The U.S. Supreme Court on Tuesday correctly struck a blow for transparency in campaign finance, letting stand a trial court judge’s ruling requiring some nonprofit groups to disclose donors’ names. The court’s order, issued without comment and without listing any dissenting votes, overturned a stay issued Saturday by Chief Justice John Roberts.

The ruling allows these groups to continue spending unlimited amounts of money on political ads. It just means they must reveal who gave them the money.

The case started six years ago when Citizens for Responsibility and Ethics in Washington, a campaign-finance-reform group, filed a complaint with the Federal Elections Commission alleging the conservative group Crossroads GPS was violating federal law by keeping donors secret. The FEC deadlocked on whether to investigate, so CREW sued the FEC. Last month, Beryl Howell, chief judge of the U.S. District Court in Washington, D.C., ordered nonprofit groups to disclose their donors’ identities. Crossroads GPS is appealing, arguing that disclosure will have a “chilling effect” on free speech.

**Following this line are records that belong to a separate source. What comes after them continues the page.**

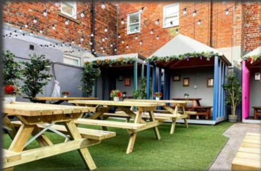
COVERED TIMBER PERGOLA STRUCTURE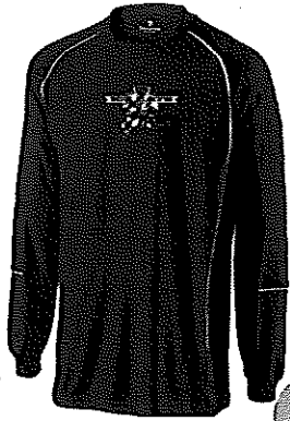
Red Performance Shirt Long Sleeve 100% Polyester Adult, S-4XL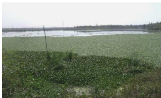
Figure 2: Water hyacinth in Bheemasandra lake

Rest of the 40% of the city is dependent on onsite sanitation systems (OSS), out of which 22% is dependent on septic tanks and 18% on pits. The public latrines are connected to septic tanks and hence are incorporated in onsite systems. Septic tanks are not contained as they are connected to open drains but pits are contained as ground water table is more than 10 mbgl.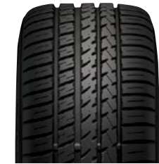
AZENIS FK450 A/S SIZES 16 | 17 | 18 | 19 | 20

The president of a group advocating campaign finance deregulation predicted some groups would choose “silence rather than speech” to avoid upsetting donors who thought they would remain anonymous.

Horrors.

If the First Amendment means we must allow interest groups to spend unlimited amounts of money to influence voters — as the Supreme Court has ruled — then voters should know where that money came from so they can evaluate the messages it pays for. In other words, donors should have to put their names where their money is.